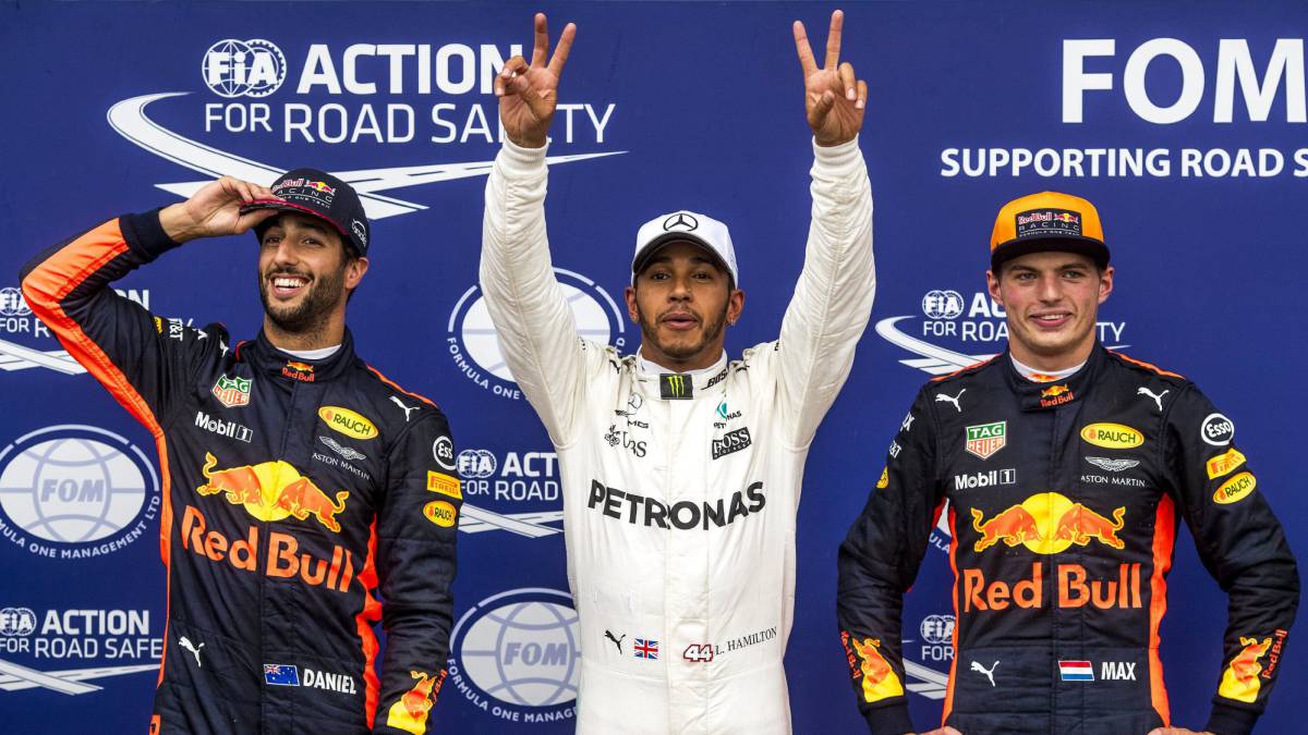 Verstappen tiene 20 puestos de sanción por sustituir varios elementos de su unidad de potencia superando la quinta unidad empleada esta temporada, Ricciardo suma 25. También optaron por el cambio los Renault: 10 puestos para Hulkenberg y 15 para Palmer. Carlos Sainz tenía 10 del viernes con su Toro Rosso y Fernando Alonso, 35 por los cambios en el motor Honda. Todo el baile de puestos, además de la lluvia, permite que en primera línea esté Lance Stroll con el Williams junto a Hamilton o que Esteban Ocon (Force India) empiece la carrera en tercera posición.
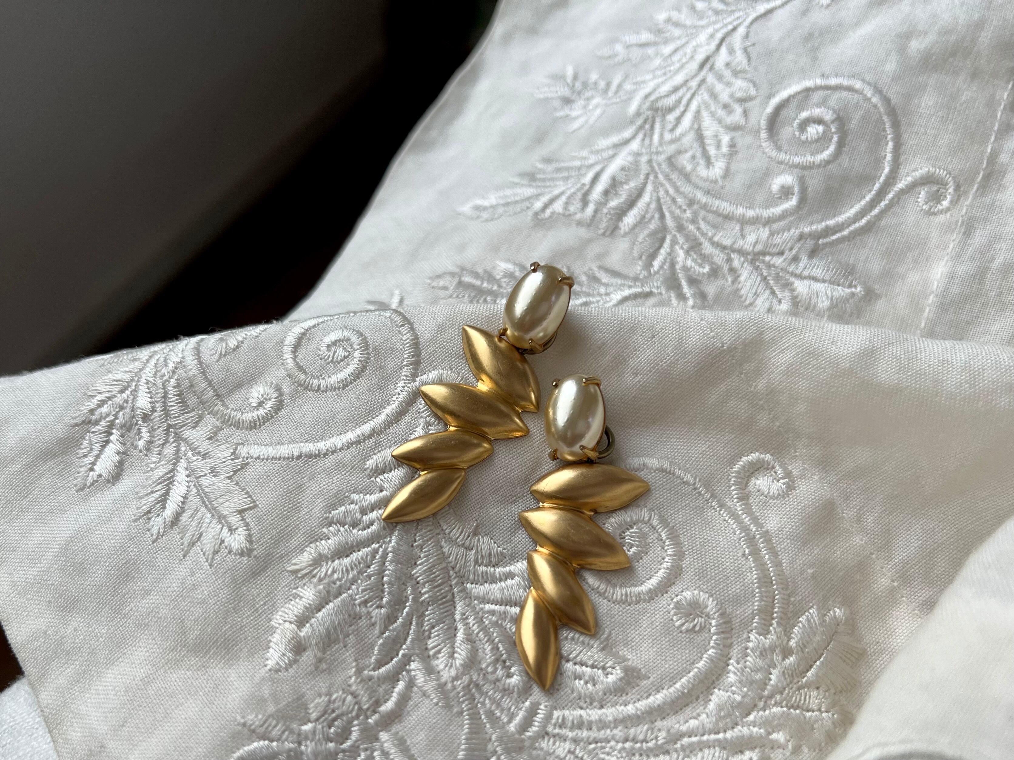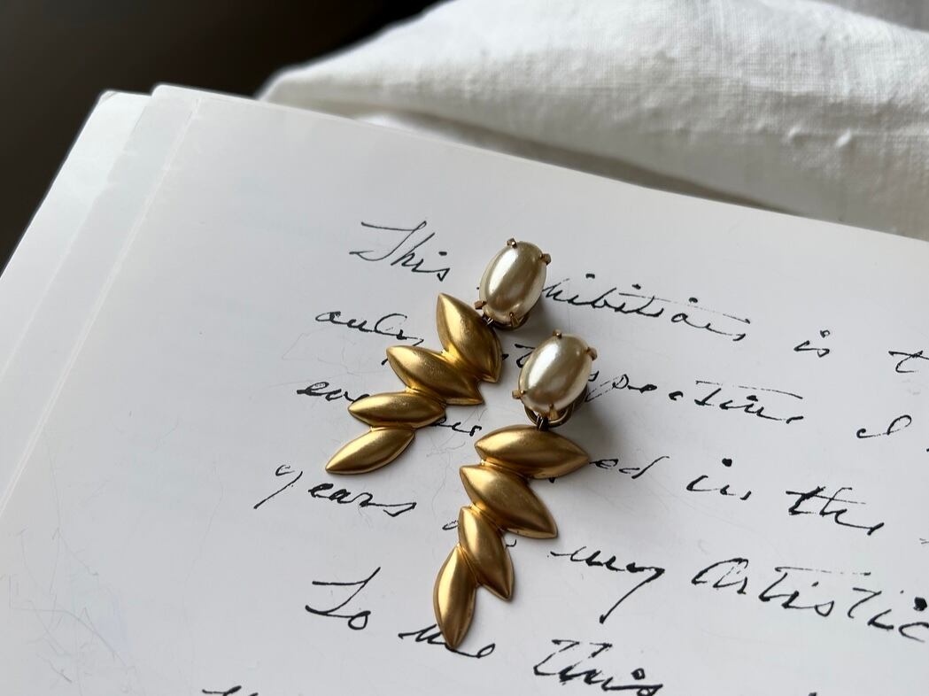 ガラスパールをカボションに真鍮パーツを合わせています。
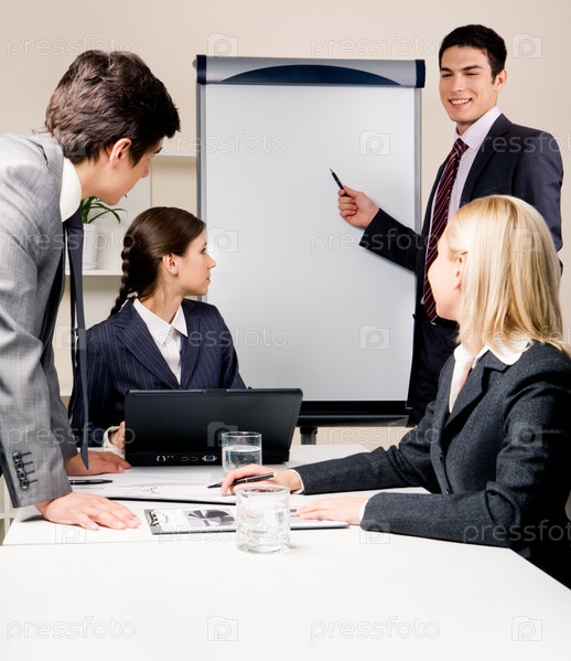 Фото серьезных партнеров, слушающих успешного бизнесмена, читающего им лекции во время обучения
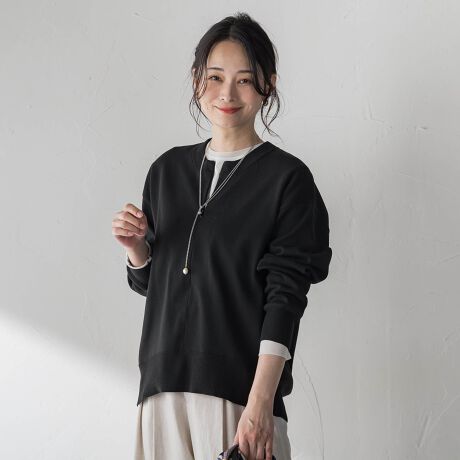 程よくゆとりのあるシルエットと柔らかな風合いが魅力のニットトップス。
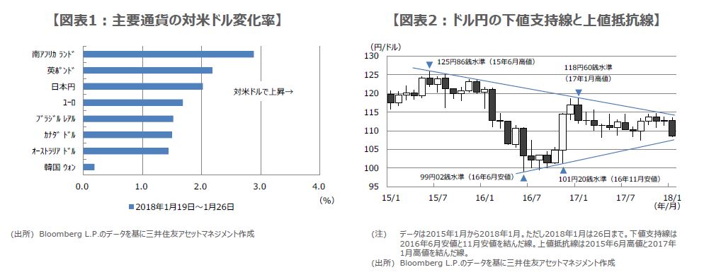 こうしたなか、欧州中央銀行(ECB)のドラギ総裁は1月25日、最近のユーロ高は物価の安定に影響を与えかねないと警戒感を示し、トランプ米大統領も同日、「私は強いドルが見たい」と述べ、前日のムニューシン発言を打ち消しました。これにより、ドル円相場も落ち着くかに見えましたが、黒田総裁が1月26日、日本は2%の物価目標にようやく近づいていると述べると、円は早期緩和解除の思惑から、対ドル、対ユーロで上昇しました。
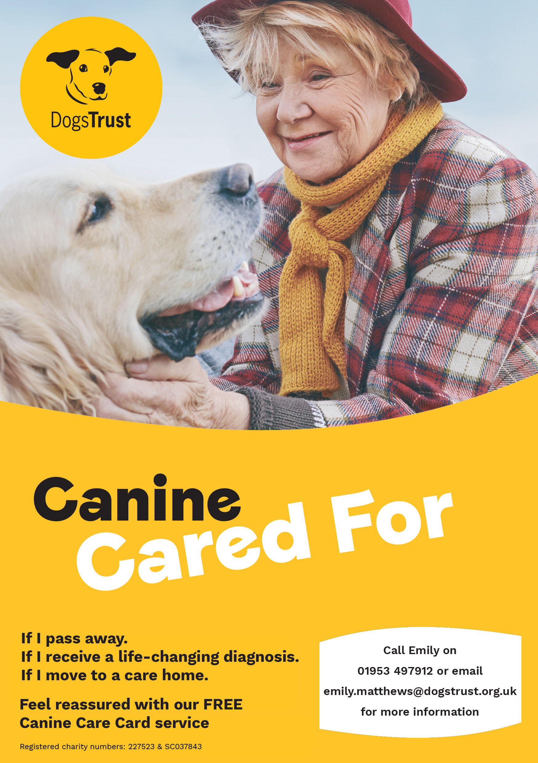 The Dogs Trust are running a free service supporting owners in the event that you may become seriously ill, pass away or have to move to a care home. The Dogs Turst will ensure your dog is well looked after and rehomed if the circumstances are required. For more information on the Canine Card Service visit The Dogs Trust website, alternatively contact Emily by phone: 01953 497912 or email.

Problem to solve: Without any pictures, transcribe the listing above exactly as written.

Answer section:
 Verstappen tiene 20 puestos de sanción por sustituir varios elementos de su unidad de potencia superando la quinta unidad empleada esta temporada, Ricciardo suma 25. También optaron por el cambio los Renault: 10 puestos para Hulkenberg y 15 para Palmer. Carlos Sainz tenía 10 del viernes con su Toro Rosso y Fernando Alonso, 35 por los cambios en el motor Honda. Todo el baile de puestos, además de la lluvia, permite que en primera línea esté Lance Stroll con el Williams junto a Hamilton o que Esteban Ocon (Force India) empiece la carrera en tercera posición.
 ガラスパールをカボションに真鍮パーツを合わせています。
 Фото серьезных партнеров, слушающих успешного бизнесмена, читающего им лекции во время обучения
 程よくゆとりのあるシルエットと柔らかな風合いが魅力のニットトップス。
 こうしたなか、欧州中央銀行(ECB)のドラギ総裁は1月25日、最近のユーロ高は物価の安定に影響を与えかねないと警戒感を示し、トランプ米大統領も同日、「私は強いドルが見たい」と述べ、前日のムニューシン発言を打ち消しました。これにより、ドル円相場も落ち着くかに見えましたが、黒田総裁が1月26日、日本は2%の物価目標にようやく近づいていると述べると、円は早期緩和解除の思惑から、対ドル、対ユーロで上昇しました。
 The Dogs Trust are running a free service supporting owners in the event that you may become seriously ill, pass away or have to move to a care home. The Dogs Turst will ensure your dog is well looked after and rehomed if the circumstances are required. For more information on the Canine Card Service visit The Dogs Trust website, alternatively contact Emily by phone: 01953 497912 or email.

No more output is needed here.